Here's a hint: you've been hearing about these a lot lately.
With automakers now reporting their first-quarter earnings and sales figures, Swedish company Volvo has a lot to celebrate. Volvo's sales rose 9.4% to 161,320 units while net revenue also increased by 10.7% compared to Q1 2018. So why then is Volvo still unhappy after these results?
Even though the automaker sold more cars and brought in more revenue, its operating profit decreased by 19.3%, its net income decreased by 21.6%, and its earnings before interest and taxes (EBIT) went from 6.4% to just 4.6%. So what was the cause of Volvo's lost earnings?
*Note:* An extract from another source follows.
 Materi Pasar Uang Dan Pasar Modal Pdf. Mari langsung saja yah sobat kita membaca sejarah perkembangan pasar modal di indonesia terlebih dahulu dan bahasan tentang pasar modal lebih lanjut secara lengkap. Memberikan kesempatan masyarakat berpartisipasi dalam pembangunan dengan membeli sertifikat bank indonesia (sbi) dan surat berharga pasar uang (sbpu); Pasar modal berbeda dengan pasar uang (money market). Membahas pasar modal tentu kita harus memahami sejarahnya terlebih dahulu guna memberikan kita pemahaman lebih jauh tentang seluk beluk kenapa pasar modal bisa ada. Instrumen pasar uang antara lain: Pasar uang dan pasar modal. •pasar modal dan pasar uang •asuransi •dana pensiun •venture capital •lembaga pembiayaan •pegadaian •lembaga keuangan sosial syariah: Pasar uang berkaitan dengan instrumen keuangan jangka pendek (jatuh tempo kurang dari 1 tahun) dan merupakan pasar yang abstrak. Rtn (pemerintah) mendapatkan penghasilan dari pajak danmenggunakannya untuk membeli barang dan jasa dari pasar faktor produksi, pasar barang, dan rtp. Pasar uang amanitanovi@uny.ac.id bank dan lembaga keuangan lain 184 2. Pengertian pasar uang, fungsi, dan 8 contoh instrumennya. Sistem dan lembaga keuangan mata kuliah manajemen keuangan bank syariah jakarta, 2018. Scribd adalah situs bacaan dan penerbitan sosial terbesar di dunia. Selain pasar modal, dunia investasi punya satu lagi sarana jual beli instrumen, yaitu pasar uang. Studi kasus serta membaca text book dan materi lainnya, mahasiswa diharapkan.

As we feared, tariffs have severely hurt Volvo's bottom line.
Volvo CEO Hakan Samuelsson issued a statement on the company's Q1 results: "The sales growth in the first quarter proves the appeal of Volvo Cars' product portfolio. We grew in all three regions and revenue continued to rise faster than volumes. Compared with last year, profitability was affected by higher tariffs and increased price pressure in many markets."
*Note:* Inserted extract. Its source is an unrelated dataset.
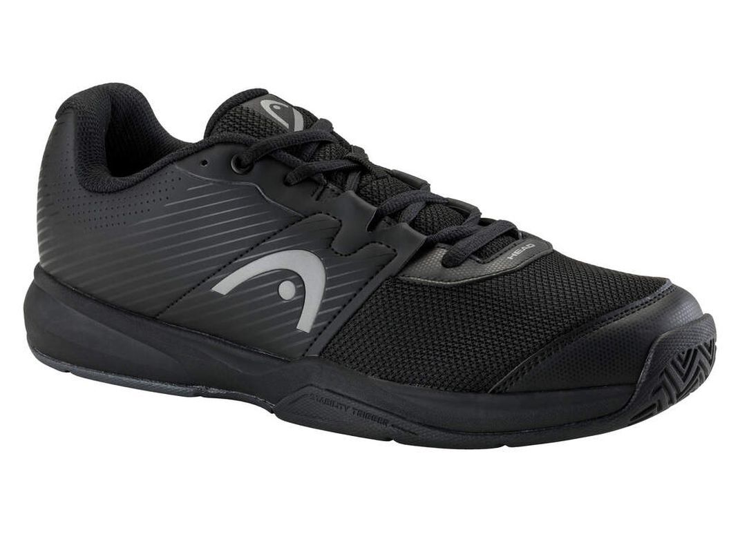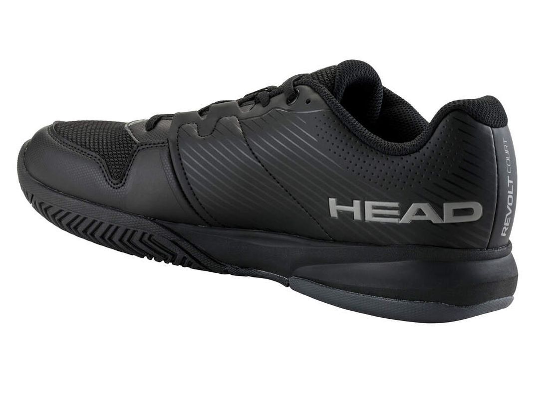 Мужские теннисные кроссовки Head Revolt Court - черные/серые Модель, обеспечивающая очень хороший уровень устойчивости и амортизации. Обувь специально усилена в уязвимых местах. Благодаря вентиляционным зонам сохраняется хорошая воздухопроницаемость, излишки влаги выводятся наружу. Обувь имеет универсальную подошву с системой, не оставляющей следов, для игры на любых поверхностях. Были использованы следующие технологии: HYBRASION+, STABILITY TRIGGER, LATERAL CONTROL.

We've already seen Volvo shuffle its production to avoid being hit with tariffs from the Trump Administration. Volvo just opened a new factory in South Carolina to build the new S60 but it still builds some of its cars in China, which are now subject to tariffs.
It doesn't seem like the tariff threat will end any time soon, so Volvo will have to rely more heavily on its manufacturing centers in America and Sweden. Volvo still believes it will see "continued growth in sales and revenue" in 2019 but still "expects market conditions to put continued pressure on margins." After being purchased by Chinese automaker Geely in 2010, Volvo has completely turned itself around but that momentum may be heavily stymied unless the US reaches an agreement on trade.